• _WORK TO COMPLETE_
Write out the data that follows exactly, keeping every picture out.

• _DATASET RECORDS_
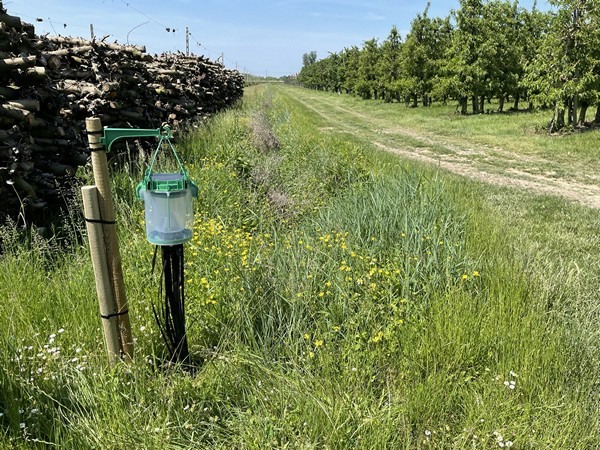 Les pièges doivent être installés au début de la saison, à l'extérieur et à une certaine distance du verger à protéger à l'aide de poteaux de soutien. Ils doivent être installés dans les zones de l'entreprise où Halyomorpha halys est plus susceptible de se développer, en particulier le long des périmètres de culture, près des haies et des bâtiments. Des pièges supplémentaires doivent être placés sur tous les côtés ou points à risque. Les pièges doivent être remplacés après 12 semaines.
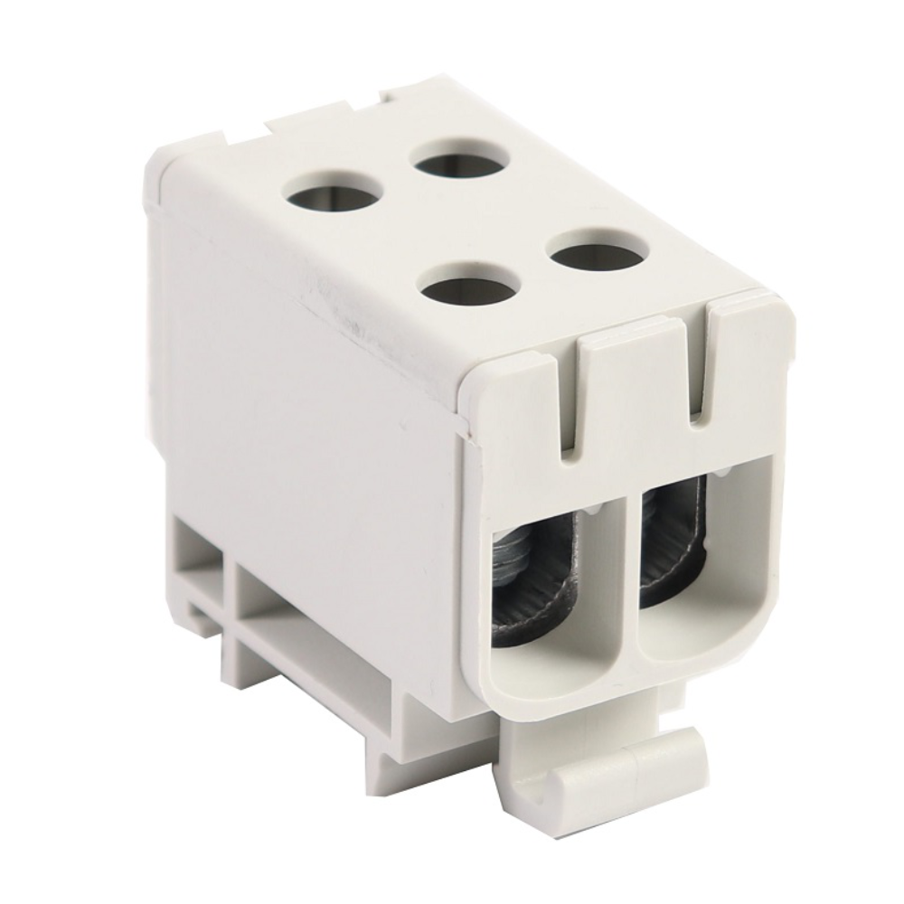Złączka szynowa uniwersalna (Al/Cu) ETB 50/1x2 idealna do wszystkich przewodów aluminiowych i miedzianych o przekroju od 2,5 mm² do 50 mm². Złączka elektryczna do montażu na szynie TH 35. Wykonana w klasie palności V2, maksymalna temperatura pracy wynosi +80°C. Złączka uniwersalna (Al/Cu) ETB 50/1x2 została przetestowana zgodnie z normą IEC 60947-7-1.
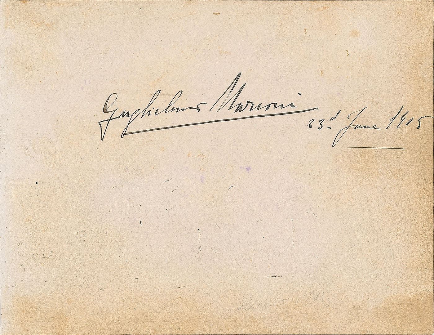 Italian physicist and inventor (1874–1937) who devoted his life to experiments in wireless communication, and was awarded the Nobel Prize in 1909. Bold ink signature, "Guglielmo Marconi, 23d June 1905,” on an off-white 7.5 x 5.75 sheet. In very good to fine condition, with overall soiling and toning.
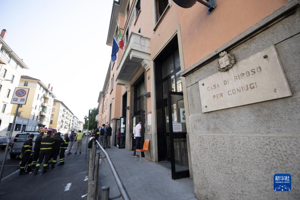 7月7日,應急人員聚集在意大利米蘭郊外發生火災的養老機構外。
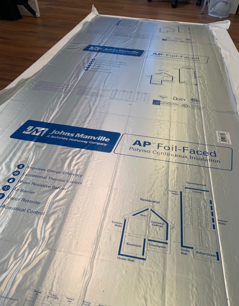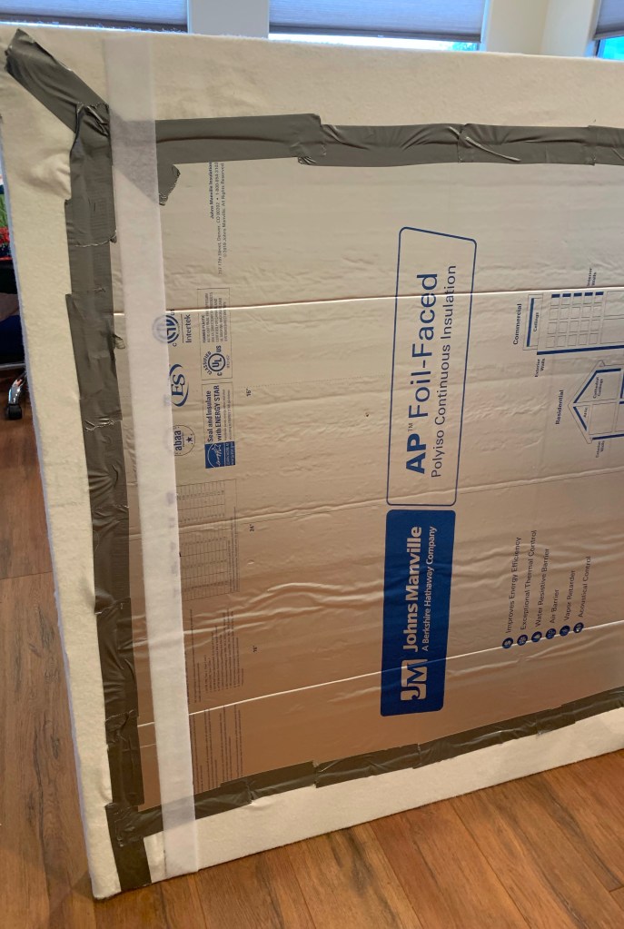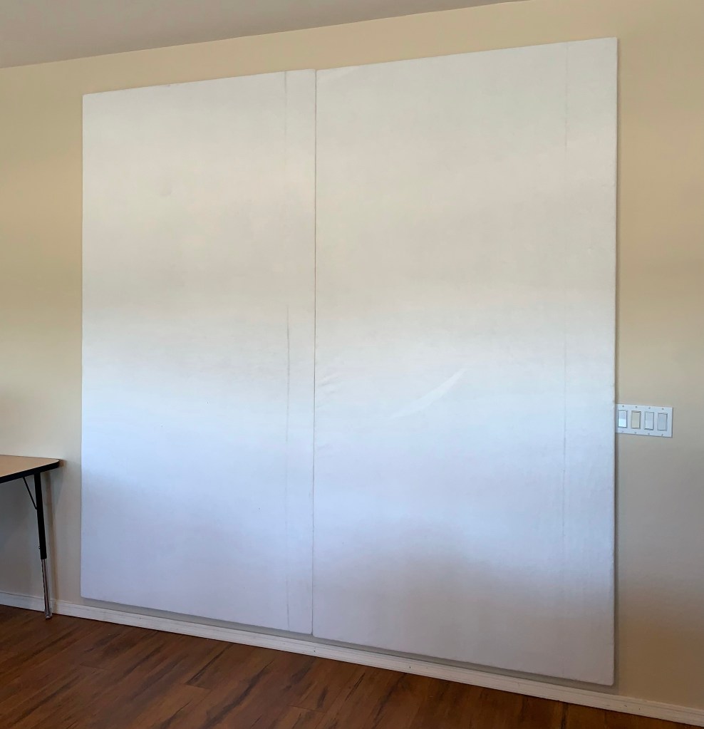 I covered each of two one inch thick pieces of foam insulated board with Warm and White batting. I stretched it and held it in place with pins, then I used duct tape to secure it to the back of the board.
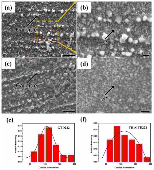 SEM images and corresponding to carbide particle size distributions after heat treatment: (a) GTD222, (b) Enlarged image of square area in Figure 14a, (c) TiC/GTD222 composite, (d) TiC/GTD222 local area magnification, (e) Carbide particle sizes distribution in GTD222, (f) Carbide particle sizes distribution in TiC/GTD222 composite [5].
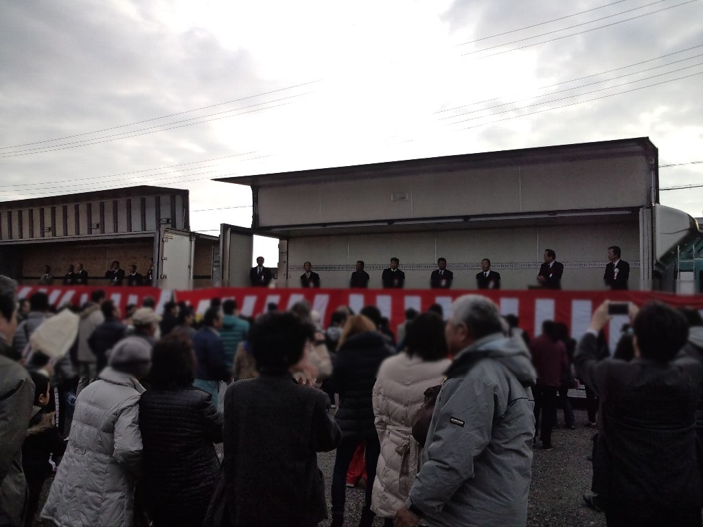 今回の餅まきでは、餅をまく人は農協のえらいさん方のようです。
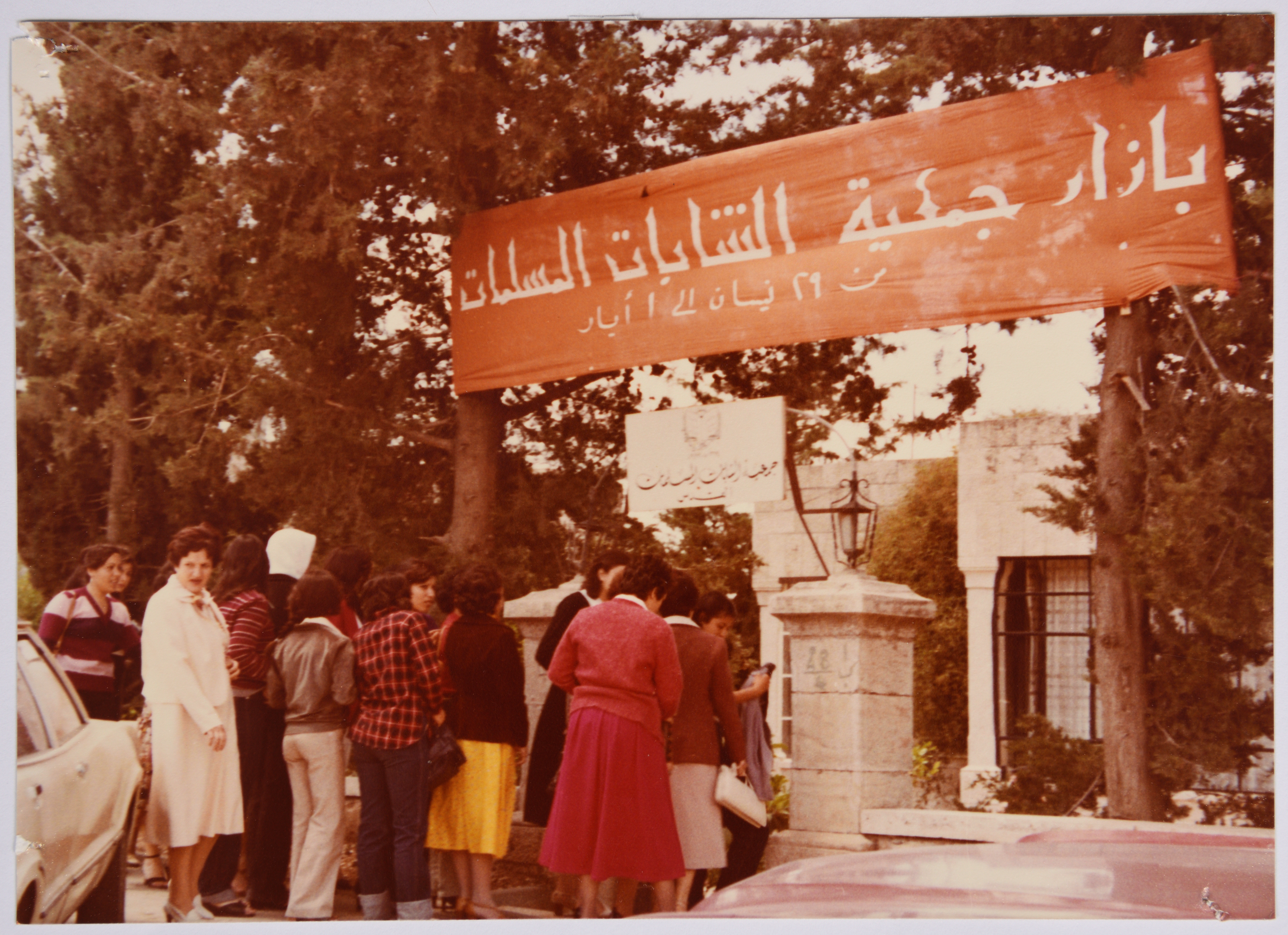 صورة ملونة من فعاليات بازار في جمعية الشابات المسلمات. ألتقطت الصورة على مدخل مبنى الجمعية.
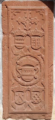 Von den einst vorhandenen Grabplatten hat nur eine einzige aus der Zeit des Barock überlebt, sie ist auf der Südseite der Kirche innerhalb eines vermauerten Portalspitzbogens voller Hochwassermarken in die Außenwand eingelassen. Man hatte sie um 1970 anläßlich einer Fußbodenerneuerung gefunden. Früher müssen viel mehr solcher Platten in der Kirche und im Kreuzgang gewesen sein, denn das Kloster war die Grablege der ortsansässigen Familien. Genannt werden Augustinus, Johann und Ludwig Zandt von Merl, Paulus Boos von Waldeck, Gertrud Stetzgis von Treis, Thomas von Nyne, Philippa von Rinsheim, Katharina von Klaffenburg, Johann Jakob von Ringelberg, Nikolaus und Philipp von Kellenbach, und Friedrich von Kirberg. Alle sind heute spurlos verschwunden bis auf diese eine, welche als Fußbodenplatte überdauerte.
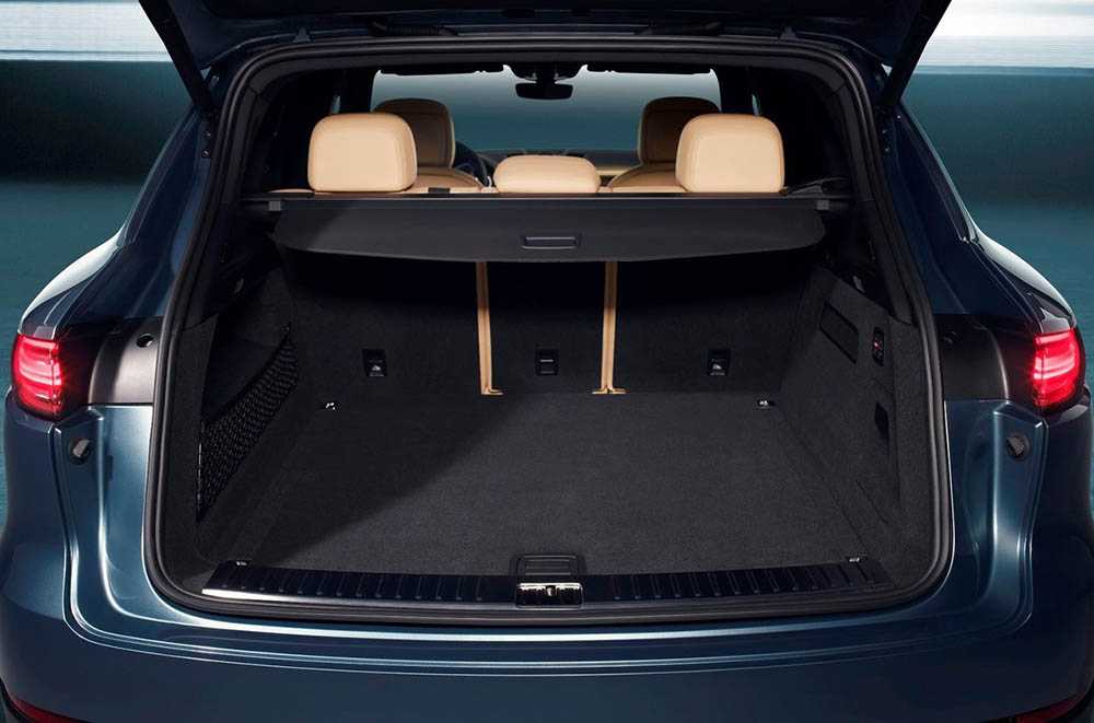 В стандартном положении багажник Porsche Cayenne вмещает в себя 770 литров багажа. Если опустить задний ряд, то получится площадка на 1710 литров.

• _WRITTEN RESPONSE_
 Les pièges doivent être installés au début de la saison, à l'extérieur et à une certaine distance du verger à protéger à l'aide de poteaux de soutien. Ils doivent être installés dans les zones de l'entreprise où Halyomorpha halys est plus susceptible de se développer, en particulier le long des périmètres de culture, près des haies et des bâtiments. Des pièges supplémentaires doivent être placés sur tous les côtés ou points à risque. Les pièges doivent être remplacés après 12 semaines.
Złączka szynowa uniwersalna (Al/Cu) ETB 50/1x2 idealna do wszystkich przewodów aluminiowych i miedzianych o przekroju od 2,5 mm² do 50 mm². Złączka elektryczna do montażu na szynie TH 35. Wykonana w klasie palności V2, maksymalna temperatura pracy wynosi +80°C. Złączka uniwersalna (Al/Cu) ETB 50/1x2 została przetestowana zgodnie z normą IEC 60947-7-1.
 Italian physicist and inventor (1874–1937) who devoted his life to experiments in wireless communication, and was awarded the Nobel Prize in 1909. Bold ink signature, "Guglielmo Marconi, 23d June 1905,” on an off-white 7.5 x 5.75 sheet. In very good to fine condition, with overall soiling and toning.
 7月7日,應急人員聚集在意大利米蘭郊外發生火災的養老機構外。
 I covered each of two one inch thick pieces of foam insulated board with Warm and White batting. I stretched it and held it in place with pins, then I used duct tape to secure it to the back of the board.
 SEM images and corresponding to carbide particle size distributions after heat treatment: (a) GTD222, (b) Enlarged image of square area in Figure 14a, (c) TiC/GTD222 composite, (d) TiC/GTD222 local area magnification, (e) Carbide particle sizes distribution in GTD222, (f) Carbide particle sizes distribution in TiC/GTD222 composite [5].
 今回の餅まきでは、餅をまく人は農協のえらいさん方のようです。
 صورة ملونة من فعاليات بازار في جمعية الشابات المسلمات. ألتقطت الصورة على مدخل مبنى الجمعية.
 Von den einst vorhandenen Grabplatten hat nur eine einzige aus der Zeit des Barock überlebt, sie ist auf der Südseite der Kirche innerhalb eines vermauerten Portalspitzbogens voller Hochwassermarken in die Außenwand eingelassen. Man hatte sie um 1970 anläßlich einer Fußbodenerneuerung gefunden. Früher müssen viel mehr solcher Platten in der Kirche und im Kreuzgang gewesen sein, denn das Kloster war die Grablege der ortsansässigen Familien. Genannt werden Augustinus, Johann und Ludwig Zandt von Merl, Paulus Boos von Waldeck, Gertrud Stetzgis von Treis, Thomas von Nyne, Philippa von Rinsheim, Katharina von Klaffenburg, Johann Jakob von Ringelberg, Nikolaus und Philipp von Kellenbach, und Friedrich von Kirberg. Alle sind heute spurlos verschwunden bis auf diese eine, welche als Fußbodenplatte überdauerte.
 В стандартном положении багажник Porsche Cayenne вмещает в себя 770 литров багажа. Если опустить задний ряд, то получится площадка на 1710 литров.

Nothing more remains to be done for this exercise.